Restate each of the lines below word for word and drop every picture.
──────── Stored data
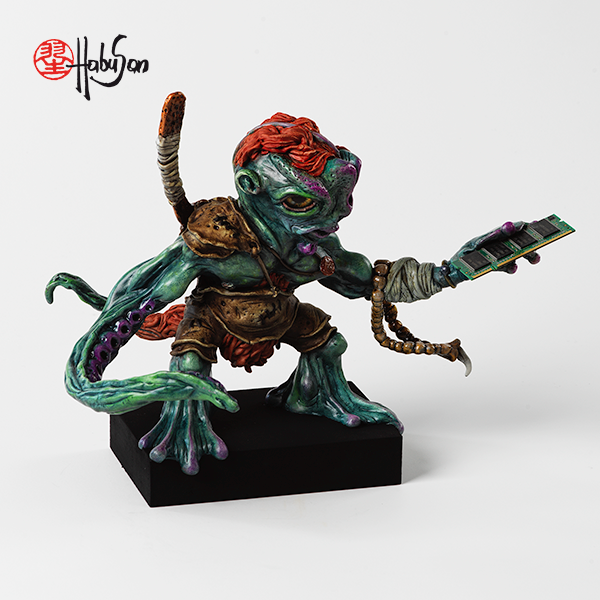 I really love the changing characteristics of Apoxie Sculpt over the curing process and beyond. It’s almost alive until it hardens and then changes to a sturdy base for further editing or buildup. As I was doing more and more work with it, I literally started planning my sessions around these different working phases. While the material is soft and moveable I am working on the big picture and in later stages I lay my focus on smaller details like surface structures, dents and wrinkles.
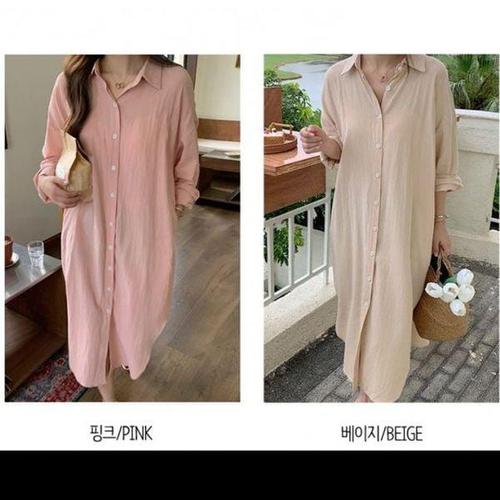 [에이치플러스몰]셔츠 여성 캐주얼 롱 원피스 필수템 봄 가을 여름 옆
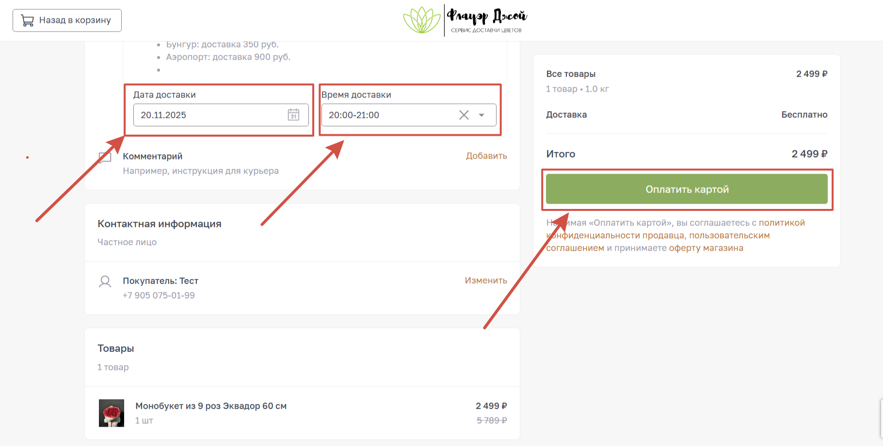 7. Выберите доступную дату и время для доставки цветов курьером. Подтвердите данные кнопкой " Привезти сюда"
────────────────
- Answer for this exercise:
 I really love the changing characteristics of Apoxie Sculpt over the curing process and beyond. It’s almost alive until it hardens and then changes to a sturdy base for further editing or buildup. As I was doing more and more work with it, I literally started planning my sessions around these different working phases. While the material is soft and moveable I am working on the big picture and in later stages I lay my focus on smaller details like surface structures, dents and wrinkles.
 [에이치플러스몰]셔츠 여성 캐주얼 롱 원피스 필수템 봄 가을 여름 옆
 7. Выберите доступную дату и время для доставки цветов курьером. Подтвердите данные кнопкой " Привезти сюда"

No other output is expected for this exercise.